Here we have the balanced equation for the decomposition of dinitrogen pentoxide into nitrogen dioxide and oxygen. And let's say that oxygen forms at a rate of nine times 10 to the negative six molar per second. So what is the rate of formation of nitrogen dioxide?
Well, if you look at the balanced equation, for every one mole of oxygen that forms, four moles of nitrogen dioxide form. So we just need to multiply the rate of formation of oxygen by four. And so that gives us 3.6 times 10 to the negative five molar per second.
So NO2 forms at four times the rate of O2. What about dinitrogen pentoxide? So N2O5. Look at your mole ratios.
For every one mole of oxygen that forms, we're losing two moles of dinitrogen pentoxide. So if we're starting with the rate of formation of oxygen, because our mole ratio is one to two here, we need to multiply this by two, and since we're losing dinitrogen pentoxide, we put a negative sign here. So this gives us negative 1.8 times 10 to the negative five.
molar per second. So dinitrogen pentoxide disappears at twice the rate that oxygen appears. Alright, let's think about the rate of our reaction. So the rate of our reaction is equal to, well we could just say it's equal to the appearance of oxygen, right? We could say it's equal to nine times 10 to the negative six molar per second.
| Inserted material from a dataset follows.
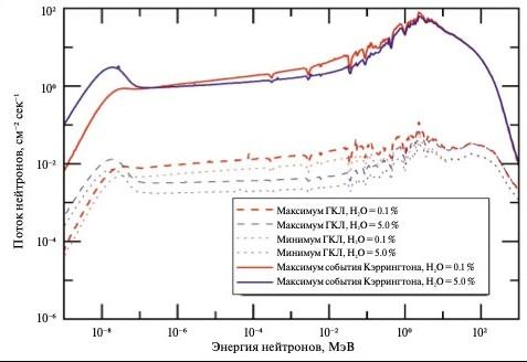 Спектральная плотность потоков нейтронного излучения лунного грунта с разной концентрацией водяного льда под воздействием ГКЛ и во время мощных СПС типа события Кэррингтона. Изображение из статьи И.Г. Митрофанов и др., 2025.

So we could write that down here. The rate is equal to the change in the concentration of oxygen over the change in time. Alright, what about if we wanted to express this in terms of the formation of nitrogen dioxide? Well, the formation of nitrogen dioxide was 3.6 times 10 to the negative five. Alright, so that's 3.6 times 10 to the negative five.
So you need to think to yourself, what do I need to multiply this number by in order to get this number. Since this number is four times the number on the left, I need to multiply by 1 fourth. So down here, if we're talking about the change in the concentration of nitrogen dioxide over the change in time, to get the rate to be the same, we'd have to multiply this by 1 fourth.
Finally, let's think about dinitrogen pentoxide. Alright, so we said that that was disappearing at negative 1.8 times 10 to the negative five. So once again, what do I need to multiply this number by in order to get nine times 10 to the negative six?
Well, this number, right, in terms of magnitude was twice this number, so I need to multiply by 1 I need to get rid of the negative sign because rates of reaction are defined as a positive quantity, so I need a negative here. Alright, so that would give me, that gives me nine times 10 to the negative six. So for, I could express my rate, if I want to express my rate in terms of the disappearance of dinitrogen pentoxide, I'd write the change in N2, this would be the change in N2O5 over the change in time, and I need to put a negative 1 here as well.
Alright, so now that we've figured out how to express our rate, we can look at our balanced equation. So over here we had a two for dinitrogen pentoxide, and notice where the two goes here for expressing our rate. For nitrogen dioxide, we had a four for our coefficient.
So the four goes in here. And for oxygen, over here, let's use green, we had a one. So I could have written one over one just to show you the pattern of how to express your rate.